The Girl in the Restaurant


I went to Agra, India, on my last India trip. For the first time in 15 years, my wife was along, so of course we had to go see the Taj Mahal. But in the shadow of one of the wonders of the world, the image above is what I remember most.

A young girl, probably only 11 or 12 years old, sitting alone in the restaurant at my hotel.

I had seen her earlier in the day, too, out by the pool. Not swimming – not even wearing a swimsuit. Just sitting quietly, alone then, too, with one eye on a family splashing in the water.

I’m sure she didn’t know how to swim. But that wasn’t what kept her out of the water. Even though only a couple years separated her from the children in the pool – she was not welcome with them.

She was there to serve them.

Domestic servants are not uncommon in India. Many families have nannies or cooks or housekeepers. But this was a little girl. The same age as my own daughter. Working.
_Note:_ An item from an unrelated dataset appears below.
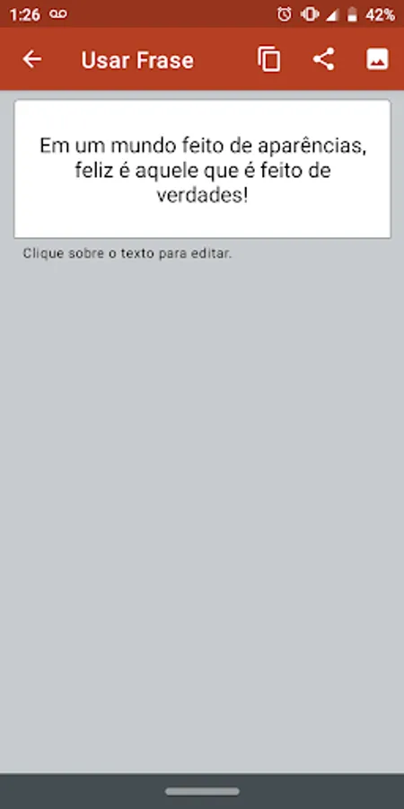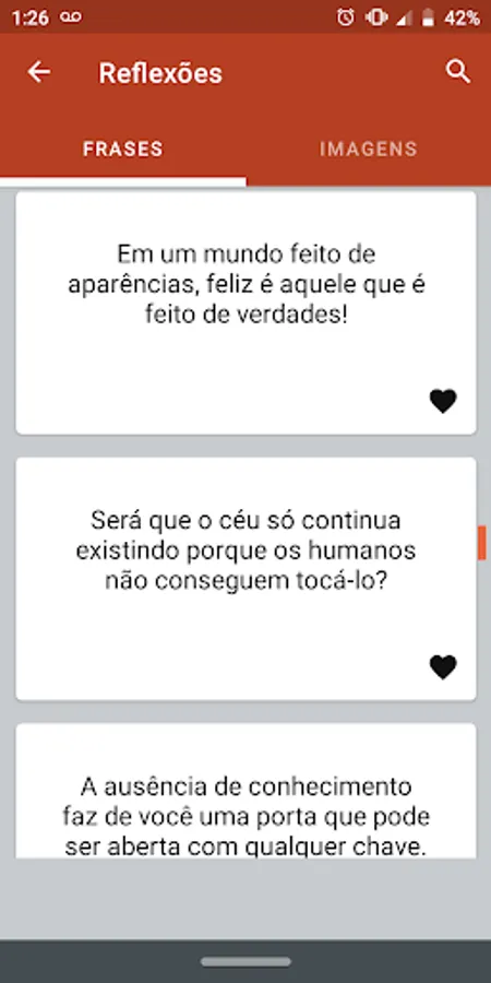 With the Phrase to Reflect app you will have reflection for everyday life and a list with hundreds of reflection phrases for you to reflect on life and use as phrases for WhatsApp status, photos, create images with phrases, etc.

Not in school. Her parents probably couldn’t afford it. Her employer-family didn’t consider her worthy of it.

But the most striking thing about my photo from the restaurant is what you don’t see in it. You don’t see the rest of the family. Two tables away from her, just off camera. Laughing and eating and enjoying their time together.

But not her. She was kept apart.

Because of her caste, because of her poverty, even because of her gender – she has been told, over and over again, without using words: she is worthless.

And there are hundreds of millions of people in India, just like her, who have been pushed aside and told they are “less than.” Told that they were born into bad circumstances because of the past decisions in a former lifetime. Told that they deserve every bit of the bad they’ve received – or none of the good they’ve been denied. Told that their caste makes them unclean, uninvited, untouchable. Told that all of it is their fault and to just live with it.

And, for that matter, to die with it, too.

But that’s not the message of the Gospel. That’s not what God wants for us. And that’s not what God wants for that little girl in the restaurant.

We want to see India transformed by the love of Christ. But how often do we stop and think about what that means? We consider ourselves a church planting organization. But I don’t think a church on every hill is our ultimate goal. It’s the fruit that those churches produce: Groups of people, connected in Christ, loving God, loving one another, and loving their neighbors. Making life better now.

A while back I was talking with Todd (my boss, and Mission India’s president) about the social justice aspects of our ministry, and he said something I thought was spot on: “Social justice is the Kingdom of God.”

I love that.

The kingdom of God isn’t some faraway place, lined by streets of gold and floating in the clouds. It starts right here, right now. It’s the result of the church being the church. It’s why we do what we do. It’s why we partner with the amazing people we partner with. It’s why everything we do is rooted in the planting of churches. And it’s why we focus on India.

It’s the Good News. Especially for people who don’t know what good news looks like. And I hope someday, it’s good news made real for the little girl in the restaurant.